In the typical IAT procedure, participants are asked to sort attributes (e.g. "joyful"; "tragic") and target items
(e.g "daisy" vs. "wasp") into predetermined categories via keystroke presses. The basic task is to press a left key (E)
if an item (e.g. "joyful") belongs to the category presented on the left (e.g. "Good") and to press the right key (I)
if the word (e.g. "tragic") belongs to the category ("Bad") presented on the right. For the actual test, participants
are asked to sort categories into the paired/combined categories (e.g. "Flower OR Good" on the left vs. "Insect OR Bad" on the right).
Pairings are reversed for a second test (e.g. "Insects OR Good" on the left vs. "Flowers OR Bad" on the right).
The traditional IAT procedure tests category pairings in a blocked format (test 1 vs. test2 with reversed pairings)
and requires a potential recoding of information inbetween the category switch from test 1 to test 2.
Rothermund et al (2009) suggest that this potential recoding of information has a strong effect on the IAT results
and propose an alteration to the traditional IAT procedure to eliminate recoding. The proposed change is to test category
pairings in a within-subjects mixed design: In the recoding free IAT (IAT-RF), category pairings can switch from trial to trial
within the same block.
The strength of an association between concepts in IATs is measured by the standardized mean difference score of
the 'hypothesis-inconsistent' pairings and 'hypothesis-consistent' pairings (d-score) (Greenwald, Nosek, & Banaji, 2003).

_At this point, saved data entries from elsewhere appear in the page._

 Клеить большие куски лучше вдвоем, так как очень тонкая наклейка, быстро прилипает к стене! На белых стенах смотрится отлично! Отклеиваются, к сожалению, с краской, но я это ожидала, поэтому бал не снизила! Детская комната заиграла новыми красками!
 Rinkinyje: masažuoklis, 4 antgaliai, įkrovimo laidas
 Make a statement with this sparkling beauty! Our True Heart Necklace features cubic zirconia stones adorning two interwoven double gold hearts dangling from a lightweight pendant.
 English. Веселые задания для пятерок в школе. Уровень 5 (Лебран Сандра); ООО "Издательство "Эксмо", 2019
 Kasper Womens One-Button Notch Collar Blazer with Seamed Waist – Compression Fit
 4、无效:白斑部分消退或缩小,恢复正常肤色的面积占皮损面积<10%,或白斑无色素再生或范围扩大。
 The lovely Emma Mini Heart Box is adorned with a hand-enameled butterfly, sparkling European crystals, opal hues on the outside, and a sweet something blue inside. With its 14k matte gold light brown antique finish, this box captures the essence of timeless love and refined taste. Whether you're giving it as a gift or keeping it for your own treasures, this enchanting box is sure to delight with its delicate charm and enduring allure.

In general, the higher the d-score the stronger is the association between the 'hypothesis-consistent' pairings
(decided by researchers). Negative d-scores suggest a stronger association between the 'hypothesis-inconsistent' pairings.
Inquisit calculates d-scores using the improved scoring algorithm as described in Greenwald et al (2003).
Error trials are handled by requiring respondents to correct their responses according to recommendation (p.214).
D-scores obtained with this script:
Positive d-scores: support a stronger association between 'Flowers-Good' and 'Insects-Bad' than for the opposite pairings
Negative d-scores: support a stronger association between 'Insects-Good' and 'Flowers-Bad' than for the opposite pairings
Greenwald, A. G., McGhee, D. E., & Schwartz, J. K. L. (1998). Measuring individual differences in implicit cognition:
The Implicit Association Test. Journal of Personality and Social Psychology, 74, 1464-1480.
Greenwald, A. G., Nosek, B. A., & Banaji, M. R. (2003). Understanding and Using the Implicit Association Test:
I. An Improved Scoring Algorithm. Journal of Personality and Social Psychology, 85, 197-216.
Rothermund, K., Teige-Mocigemba, S., Gast, A., & Wentura, D. (2009). Eliminating the influence of recoding in the Implicit
Association Test: The Recoding-Free Implicit Association Test (IAT-RF). Quarterly Journal of Experimental Psychology, 62,
Participants are asked to categorize attributes (e.g. "joyful"; "tragic") and target items (e.g "daisy" vs. "wasp")
into predetermined categories via keystroke presses. The basic task is to press a left key (E) if an item (e.g. "joyful")
belongs to the category presented on the left (e.g. "Good") and to press the right key (I) if the word (e.g. "tragic")
belongs to the category ("Bad") presented on the right.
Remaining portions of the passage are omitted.